Baru-baru ini, sirup yacon, yang diekstrak dan terkonsentrasi dari umbi yacon, telah ditunjukkan untuk meningkatkan resistensi insulin dan mengurangi berat badan pada orang gemuk.

Studi ini meningkatkan kemungkinan bahwa konsumsi yacon memiliki efek bermanfaat dalam mengobati resistensi insulin terkait obesitas dan diabetes melitus tipe 2.

Namun, mereka tidak menentukan apakah efek yacon pada sensitivitas insulin pada individu obesitas primer atau sekunder dengan penurunan berat badan.

Obat Herbal Diabetes dan Diagnosa Prediabetes Sebelum Terjadi Diabetes

obat herbal diabetes

Mempelajari Prediabetes, Mendiagnosa Diabetes dan Mengetahui Obat Herbal Diabetes Paling Ampuh

Ada beberapa cara untuk mendiagnosis diabetes. Setiap cara biasanya perlu diulang pada hari kedua untuk mendiagnosis diabetes.

Pengujian harus dilakukan di tempat perawatan kesehatan (seperti di kantor dokter atau lab).

Jika dokter Anda menentukan bahwa kadar glukosa darah Anda sangat tinggi, atau jika Anda memiliki gejala klasik glukosa darah tinggi selain satu tes yang positif,

dokter Anda mungkin tidak memerlukan tes kedua untuk mendiagnosis diabetes.

 

Tes A1C

Tes A1C mengukur kadar glukosa darah rata-rata Anda selama 2 sampai 3 bulan terakhir. Kelebihan yang didiagnosis dengan cara ini adalah Anda tidak perlu berpuasa atau minum apapun.

Diabetes ditetapkan jika kadar gula darah A1C lebih besar dari atau sama dengan 6,5%

Hasil Pembacaan A1C

Normal – kurang dari 5,7%

Prediabetes – 5,7% sampai 6,4%

Diabetes – 6,5% atau lebih tinggi

 

Glukosa Plasma Saat Puasa (Fasting Plasma Glucose – FPG)

Tes ini memeriksa kadar glukosa darah puasa Anda. Puasa disini berarti setelah tidak makan atau minum (kecuali air) paling sedikit 8 jam sebelum tes. Tes ini biasanya dilakukan pagi-pagi sekali, sebelum sarapan pagi.

Diabetes ditetapkan jika kadar glukosa darah puasa lebih besar dari atau sama dengan 126 mg/dL

Hasil Pembacaan Glukosa Plasma Saat Puasa (FPG)

Normal – kurang dari 100 mg/dL

Prediabetes – 100 mg/dL sampai 125 mg/dL

Diabetes – 126 mg/dL atau lebih tinggi

 

Uji Toleransi Glukosa Oral (disebut juga OGTT)

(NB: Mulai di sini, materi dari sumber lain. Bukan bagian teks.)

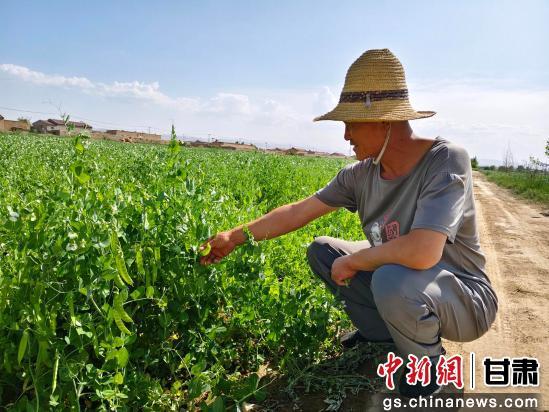 中新网甘肃新闻6月16日电 (朱淑珍)盛夏时节,在古浪县直滩镇上滩村的豌豆种植基地里,连片的豌豆秧苗随风摇曳,农户正忙着除草、掐秧,颗粒饱满的豌豆挂满枝头,承载着村民们增收致富的美好愿景。

OGTT yang dikenal juga sebagai tes dua jam, akan memeriksa kadar glukosa darah Anda sebelum meminum minuman manis khusus dan 2 jam setelahnya.

Hal ini kemudian memberitahu dokter bagaimana tubuh Anda memproses glukosa.

Diabetes ditetapkan jika kadar glukosa darah setelah 2 jam lebih besar dari atau sama dengan 200 mg/dL

Hasil Pembacaan Uji Toleransi Glukosa Oral (OGTT)

Normal – kurang dari 140 mg/dL

Prediabetes – 140 mg/dL sampai 199 mg/dL

Diabetes – 200 mg/dL atau lebih tinggi

 

Tes Glukosa Plasma Acak (disebut juga Casual)

Tes ini adalah pemeriksaan darah kapan pun Anda mengalami gejala diabetes yang parah.

Diabetes ditetapkan jika kadar glukosa darah lebih besar dari atau sama dengan 200 mg/dL

 

Apa itu Prediabetes?

Sebelum penderita diabetes tipe 2, mereka hampir selalu memiliki “prediabetes” – kadar glukosa darah yang lebih tinggi dari normal namun belum cukup tinggi untuk didiagnosis sebagai diabetes.

Dokter kadang-kadang merujuk pada prediabetes sebagai gangguan toleransi glukosa (impaired glucose tolerance – IGT) atau gangguan glukosa puasa (impaired fasting glucose – IFG), tergantung pada tes apa yang digunakan saat terdeteksi.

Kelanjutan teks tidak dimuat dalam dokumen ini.